The fallacy of AI?
I think there is a logical fallacy underlying all of these things.
Why do we want computers to do things for us? One reason is efficiency, but equally important is the pseudo-fact computers are "perfect"; they will perform very simple tasks like adding two numbers, exactly correctly, every single time (I know this is not really true, but since the job of a programmer depends on it being "true enough" lets go with it).
When programmed correctly, these simple tasks become complex behaviors which can also be provably correct. If we assume that all CPU instructions are executed as documented, and the programmer made no mistakes, and the data is both correct and sufficient, then the output of your 3D model finding program (for example) will also be correct.
The issue facing us as we ask computers to do more things, is that there are lots of tasks which are difficult to specify to a program, generally because we ourselves do not have a complete logical model for them. In this case, the task presented to the computer is wading through the internet and figuring out what is true, and what is relevant to the user.
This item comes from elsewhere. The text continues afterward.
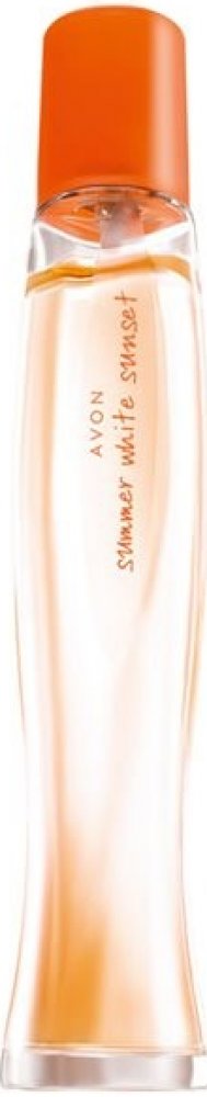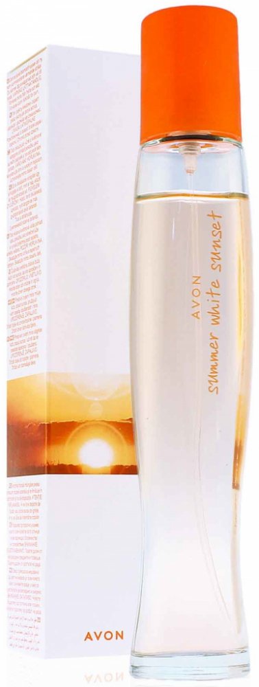 Avon 50 ml dámské toaletní vody květinové pro večerní akce s celodenní výdrží (4-8h) romantické a smyslné Summer White Sunset 2013 z Polska mainstreamové broskev, růžový pepř lotosový květ, mandarinka březové dřevo se střední projekcí letní kompatibilní s lotosovým květem, s mandarinkou, s březovým dřevem AVON Cosmetics klasické TSA kompatibilní (≤100ml) rozprašovač 200 g standardní
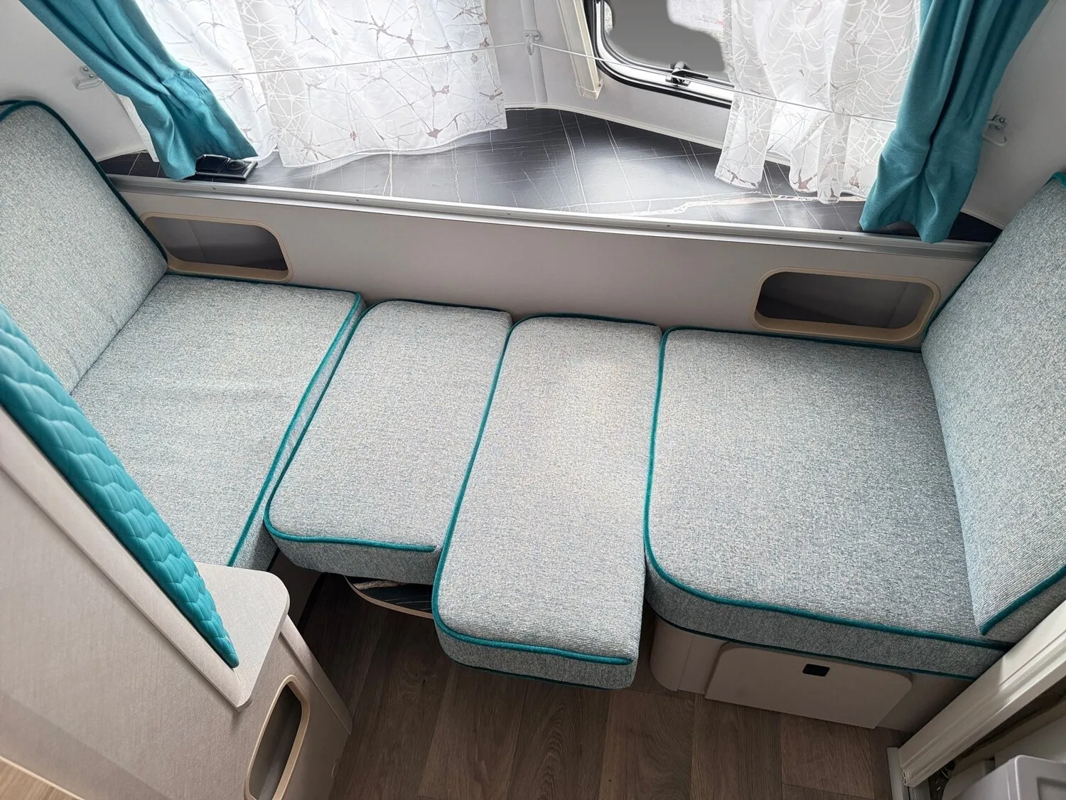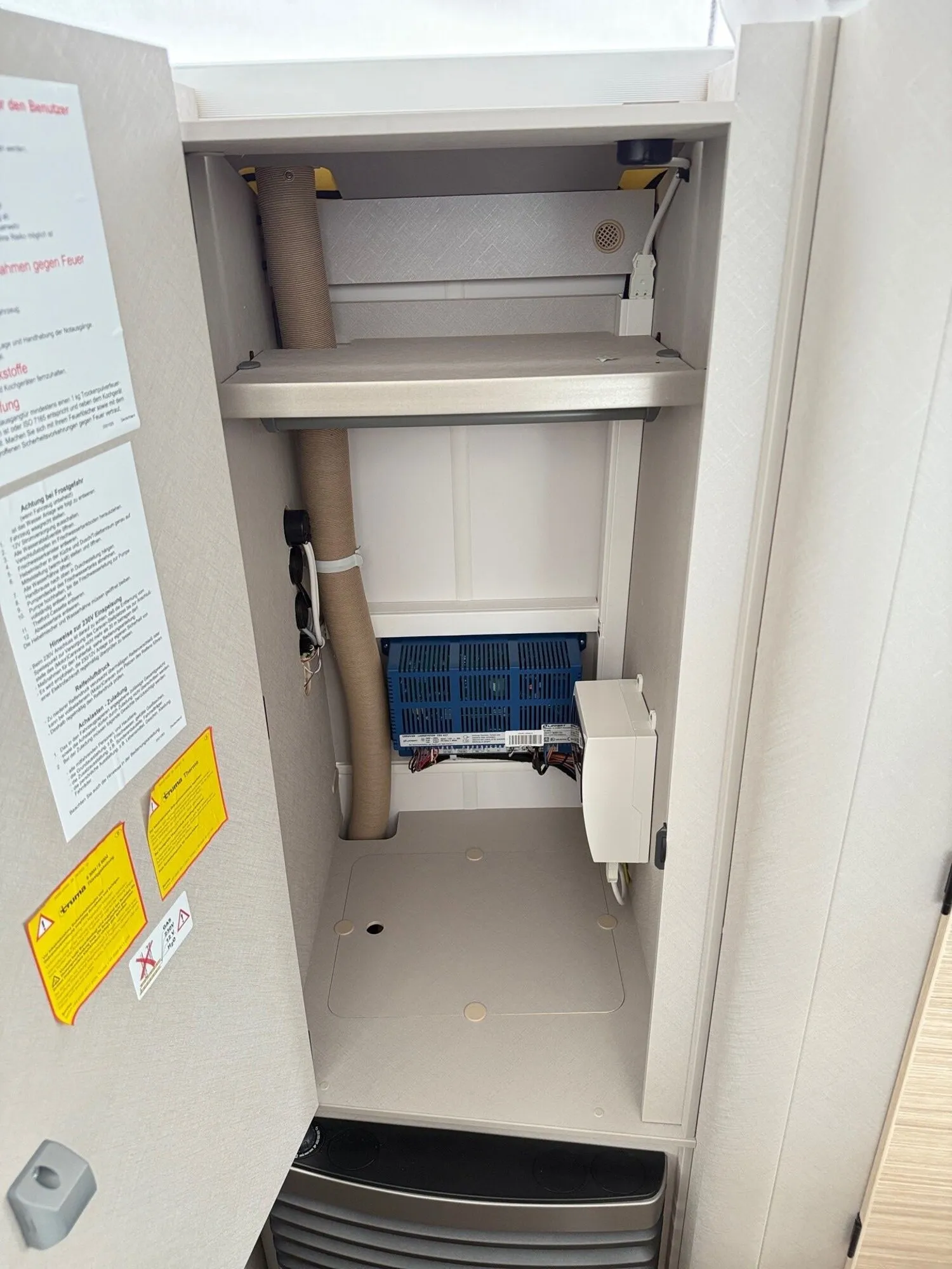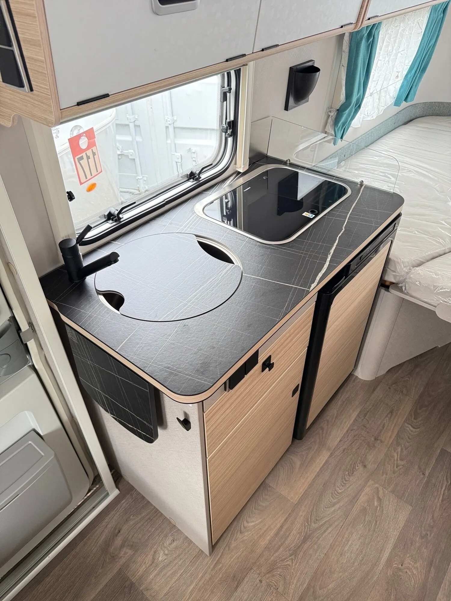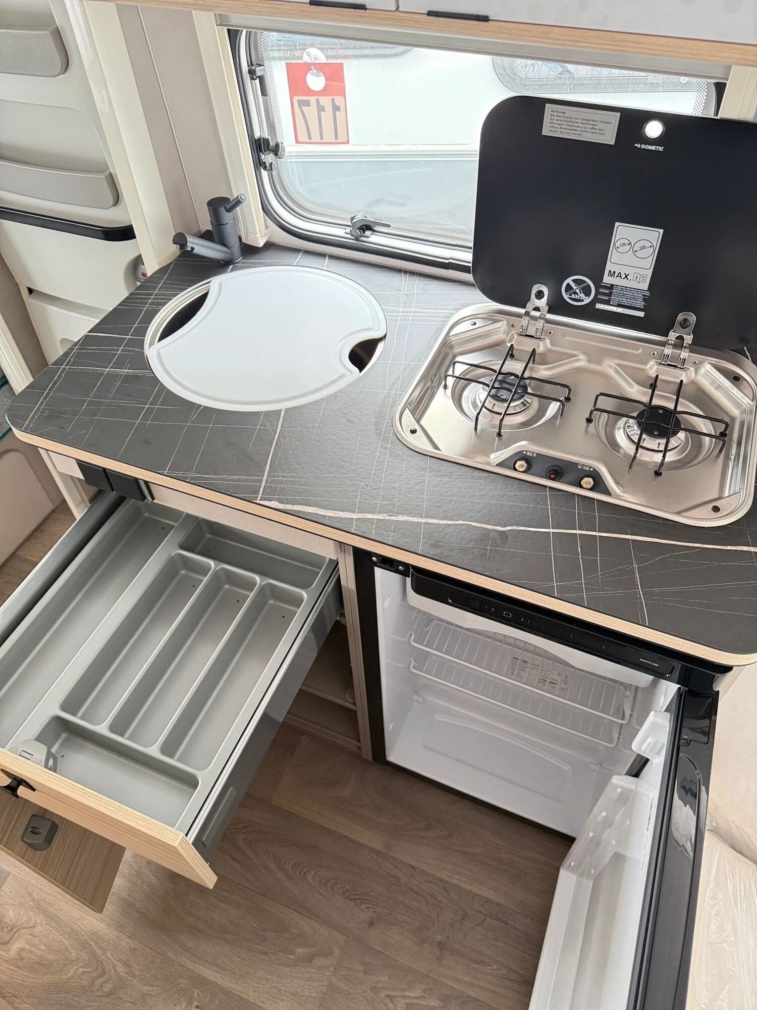 - Komfort-Paket (Fliegenschutz-Rolltür (gesamte Türhöhe), bedienfreundlich durch seitliche Führung, Komfort-Plissee-Rollos, Steckdosenpaket (2 x 230 V Steckdosen und 1 x USB-Doppelsteckdose), Abfalleimer in Eingangstür integriert, Spülenabdeckung mit Schneidebrett für Edelstahlspüle, Zusätzlicher Vergrößerungsspiegel mit Magnethalterung)

The AI solution seems to be to try and make computers think and behave more like people. The expectation seems to be that you will get a combination of the best aspects of computers (their infallibility) and people (their ability to tackle complex, abstract, often underspecified problems).
The fallacy is that once you stop writing provably correct programs and instead try to make the computer behave like a person, the infallibility chain is lost. The only reason computers can do things so reliably is because people have thought long and hard about how to harness the stack of guarantees they are sitting on top of. Machine learning throws that all out the window, so why would we expect models trained on them to retain the core reliability strengths of the computer?